[Source records]
------------------------
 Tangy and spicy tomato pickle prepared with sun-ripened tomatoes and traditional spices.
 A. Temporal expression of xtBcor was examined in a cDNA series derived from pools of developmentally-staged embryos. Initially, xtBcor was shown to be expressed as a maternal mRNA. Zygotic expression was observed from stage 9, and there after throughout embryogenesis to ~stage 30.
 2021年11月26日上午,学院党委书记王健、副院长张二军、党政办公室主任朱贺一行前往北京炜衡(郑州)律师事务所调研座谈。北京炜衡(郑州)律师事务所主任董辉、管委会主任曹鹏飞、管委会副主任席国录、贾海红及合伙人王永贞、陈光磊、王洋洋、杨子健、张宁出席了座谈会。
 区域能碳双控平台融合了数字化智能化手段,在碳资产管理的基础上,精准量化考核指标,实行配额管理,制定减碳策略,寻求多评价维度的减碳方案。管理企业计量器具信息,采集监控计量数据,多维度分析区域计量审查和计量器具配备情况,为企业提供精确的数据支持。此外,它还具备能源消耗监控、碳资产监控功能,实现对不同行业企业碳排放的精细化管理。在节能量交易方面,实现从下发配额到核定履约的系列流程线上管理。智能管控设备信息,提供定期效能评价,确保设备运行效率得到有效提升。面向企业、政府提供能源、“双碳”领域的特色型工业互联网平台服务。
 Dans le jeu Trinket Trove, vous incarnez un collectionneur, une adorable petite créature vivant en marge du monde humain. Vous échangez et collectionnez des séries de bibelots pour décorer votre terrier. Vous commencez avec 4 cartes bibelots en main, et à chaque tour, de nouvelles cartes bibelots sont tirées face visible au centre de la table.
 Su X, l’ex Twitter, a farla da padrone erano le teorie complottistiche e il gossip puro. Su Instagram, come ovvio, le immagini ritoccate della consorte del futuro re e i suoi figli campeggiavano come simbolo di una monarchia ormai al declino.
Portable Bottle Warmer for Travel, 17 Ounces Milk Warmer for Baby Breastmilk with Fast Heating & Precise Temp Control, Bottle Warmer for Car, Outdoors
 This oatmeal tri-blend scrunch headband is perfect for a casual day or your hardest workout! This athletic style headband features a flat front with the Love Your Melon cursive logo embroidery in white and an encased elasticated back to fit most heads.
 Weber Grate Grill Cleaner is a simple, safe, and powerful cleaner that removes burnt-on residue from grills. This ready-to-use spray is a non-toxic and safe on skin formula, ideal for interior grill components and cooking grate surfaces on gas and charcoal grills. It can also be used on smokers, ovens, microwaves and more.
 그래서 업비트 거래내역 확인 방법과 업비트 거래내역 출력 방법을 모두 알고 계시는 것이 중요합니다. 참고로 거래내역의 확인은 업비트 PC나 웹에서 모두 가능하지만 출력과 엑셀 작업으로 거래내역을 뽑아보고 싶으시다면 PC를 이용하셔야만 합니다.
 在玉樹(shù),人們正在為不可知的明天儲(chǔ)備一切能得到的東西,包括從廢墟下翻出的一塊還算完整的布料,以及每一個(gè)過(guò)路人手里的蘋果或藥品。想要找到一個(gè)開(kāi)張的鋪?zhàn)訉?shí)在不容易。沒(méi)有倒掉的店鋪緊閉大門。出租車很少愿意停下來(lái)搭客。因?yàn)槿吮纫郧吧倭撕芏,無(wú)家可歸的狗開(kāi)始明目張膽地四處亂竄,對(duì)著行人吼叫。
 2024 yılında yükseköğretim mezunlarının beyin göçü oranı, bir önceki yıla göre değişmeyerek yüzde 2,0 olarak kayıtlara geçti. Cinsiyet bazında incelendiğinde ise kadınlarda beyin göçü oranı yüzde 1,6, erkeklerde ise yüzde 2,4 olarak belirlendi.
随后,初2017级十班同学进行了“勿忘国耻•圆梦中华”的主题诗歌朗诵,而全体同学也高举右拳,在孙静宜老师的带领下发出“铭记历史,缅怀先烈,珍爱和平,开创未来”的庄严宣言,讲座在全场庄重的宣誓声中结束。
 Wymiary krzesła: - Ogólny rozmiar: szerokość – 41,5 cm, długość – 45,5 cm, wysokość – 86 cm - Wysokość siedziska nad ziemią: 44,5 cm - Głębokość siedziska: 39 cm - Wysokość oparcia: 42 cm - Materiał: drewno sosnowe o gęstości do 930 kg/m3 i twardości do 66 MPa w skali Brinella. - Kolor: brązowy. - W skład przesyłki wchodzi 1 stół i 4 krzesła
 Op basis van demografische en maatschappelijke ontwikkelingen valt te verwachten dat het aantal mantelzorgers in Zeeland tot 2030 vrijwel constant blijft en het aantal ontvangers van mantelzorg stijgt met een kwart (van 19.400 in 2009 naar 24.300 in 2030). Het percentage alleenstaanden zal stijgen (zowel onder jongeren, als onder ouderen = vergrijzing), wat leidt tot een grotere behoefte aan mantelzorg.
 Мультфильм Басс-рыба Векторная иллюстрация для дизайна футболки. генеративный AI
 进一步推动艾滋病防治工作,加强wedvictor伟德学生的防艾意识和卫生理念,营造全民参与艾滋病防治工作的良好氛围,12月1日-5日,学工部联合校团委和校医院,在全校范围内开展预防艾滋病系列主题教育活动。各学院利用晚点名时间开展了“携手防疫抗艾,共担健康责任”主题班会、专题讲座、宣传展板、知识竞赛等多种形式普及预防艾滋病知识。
------------------------
▶ Problem to work on: A full, exact copy of the entries is required. Return it.

▶ Exercise solution:
 Tangy and spicy tomato pickle prepared with sun-ripened tomatoes and traditional spices.
 A. Temporal expression of xtBcor was examined in a cDNA series derived from pools of developmentally-staged embryos. Initially, xtBcor was shown to be expressed as a maternal mRNA. Zygotic expression was observed from stage 9, and there after throughout embryogenesis to ~stage 30.
 2021年11月26日上午,学院党委书记王健、副院长张二军、党政办公室主任朱贺一行前往北京炜衡(郑州)律师事务所调研座谈。北京炜衡(郑州)律师事务所主任董辉、管委会主任曹鹏飞、管委会副主任席国录、贾海红及合伙人王永贞、陈光磊、王洋洋、杨子健、张宁出席了座谈会。
 区域能碳双控平台融合了数字化智能化手段,在碳资产管理的基础上,精准量化考核指标,实行配额管理,制定减碳策略,寻求多评价维度的减碳方案。管理企业计量器具信息,采集监控计量数据,多维度分析区域计量审查和计量器具配备情况,为企业提供精确的数据支持。此外,它还具备能源消耗监控、碳资产监控功能,实现对不同行业企业碳排放的精细化管理。在节能量交易方面,实现从下发配额到核定履约的系列流程线上管理。智能管控设备信息,提供定期效能评价,确保设备运行效率得到有效提升。面向企业、政府提供能源、“双碳”领域的特色型工业互联网平台服务。
 Dans le jeu Trinket Trove, vous incarnez un collectionneur, une adorable petite créature vivant en marge du monde humain. Vous échangez et collectionnez des séries de bibelots pour décorer votre terrier. Vous commencez avec 4 cartes bibelots en main, et à chaque tour, de nouvelles cartes bibelots sont tirées face visible au centre de la table.
 Su X, l’ex Twitter, a farla da padrone erano le teorie complottistiche e il gossip puro. Su Instagram, come ovvio, le immagini ritoccate della consorte del futuro re e i suoi figli campeggiavano come simbolo di una monarchia ormai al declino.
Portable Bottle Warmer for Travel, 17 Ounces Milk Warmer for Baby Breastmilk with Fast Heating & Precise Temp Control, Bottle Warmer for Car, Outdoors
 This oatmeal tri-blend scrunch headband is perfect for a casual day or your hardest workout! This athletic style headband features a flat front with the Love Your Melon cursive logo embroidery in white and an encased elasticated back to fit most heads.
 Weber Grate Grill Cleaner is a simple, safe, and powerful cleaner that removes burnt-on residue from grills. This ready-to-use spray is a non-toxic and safe on skin formula, ideal for interior grill components and cooking grate surfaces on gas and charcoal grills. It can also be used on smokers, ovens, microwaves and more.
 그래서 업비트 거래내역 확인 방법과 업비트 거래내역 출력 방법을 모두 알고 계시는 것이 중요합니다. 참고로 거래내역의 확인은 업비트 PC나 웹에서 모두 가능하지만 출력과 엑셀 작업으로 거래내역을 뽑아보고 싶으시다면 PC를 이용하셔야만 합니다.
 在玉樹(shù),人們正在為不可知的明天儲(chǔ)備一切能得到的東西,包括從廢墟下翻出的一塊還算完整的布料,以及每一個(gè)過(guò)路人手里的蘋果或藥品。想要找到一個(gè)開(kāi)張的鋪?zhàn)訉?shí)在不容易。沒(méi)有倒掉的店鋪緊閉大門。出租車很少愿意停下來(lái)搭客。因?yàn)槿吮纫郧吧倭撕芏,無(wú)家可歸的狗開(kāi)始明目張膽地四處亂竄,對(duì)著行人吼叫。
 2024 yılında yükseköğretim mezunlarının beyin göçü oranı, bir önceki yıla göre değişmeyerek yüzde 2,0 olarak kayıtlara geçti. Cinsiyet bazında incelendiğinde ise kadınlarda beyin göçü oranı yüzde 1,6, erkeklerde ise yüzde 2,4 olarak belirlendi.
随后,初2017级十班同学进行了“勿忘国耻•圆梦中华”的主题诗歌朗诵,而全体同学也高举右拳,在孙静宜老师的带领下发出“铭记历史,缅怀先烈,珍爱和平,开创未来”的庄严宣言,讲座在全场庄重的宣誓声中结束。
 Wymiary krzesła: - Ogólny rozmiar: szerokość – 41,5 cm, długość – 45,5 cm, wysokość – 86 cm - Wysokość siedziska nad ziemią: 44,5 cm - Głębokość siedziska: 39 cm - Wysokość oparcia: 42 cm - Materiał: drewno sosnowe o gęstości do 930 kg/m3 i twardości do 66 MPa w skali Brinella. - Kolor: brązowy. - W skład przesyłki wchodzi 1 stół i 4 krzesła
 Op basis van demografische en maatschappelijke ontwikkelingen valt te verwachten dat het aantal mantelzorgers in Zeeland tot 2030 vrijwel constant blijft en het aantal ontvangers van mantelzorg stijgt met een kwart (van 19.400 in 2009 naar 24.300 in 2030). Het percentage alleenstaanden zal stijgen (zowel onder jongeren, als onder ouderen = vergrijzing), wat leidt tot een grotere behoefte aan mantelzorg.
 Мультфильм Басс-рыба Векторная иллюстрация для дизайна футболки. генеративный AI
 进一步推动艾滋病防治工作,加强wedvictor伟德学生的防艾意识和卫生理念,营造全民参与艾滋病防治工作的良好氛围,12月1日-5日,学工部联合校团委和校医院,在全校范围内开展预防艾滋病系列主题教育活动。各学院利用晚点名时间开展了“携手防疫抗艾,共担健康责任”主题班会、专题讲座、宣传展板、知识竞赛等多种形式普及预防艾滋病知识。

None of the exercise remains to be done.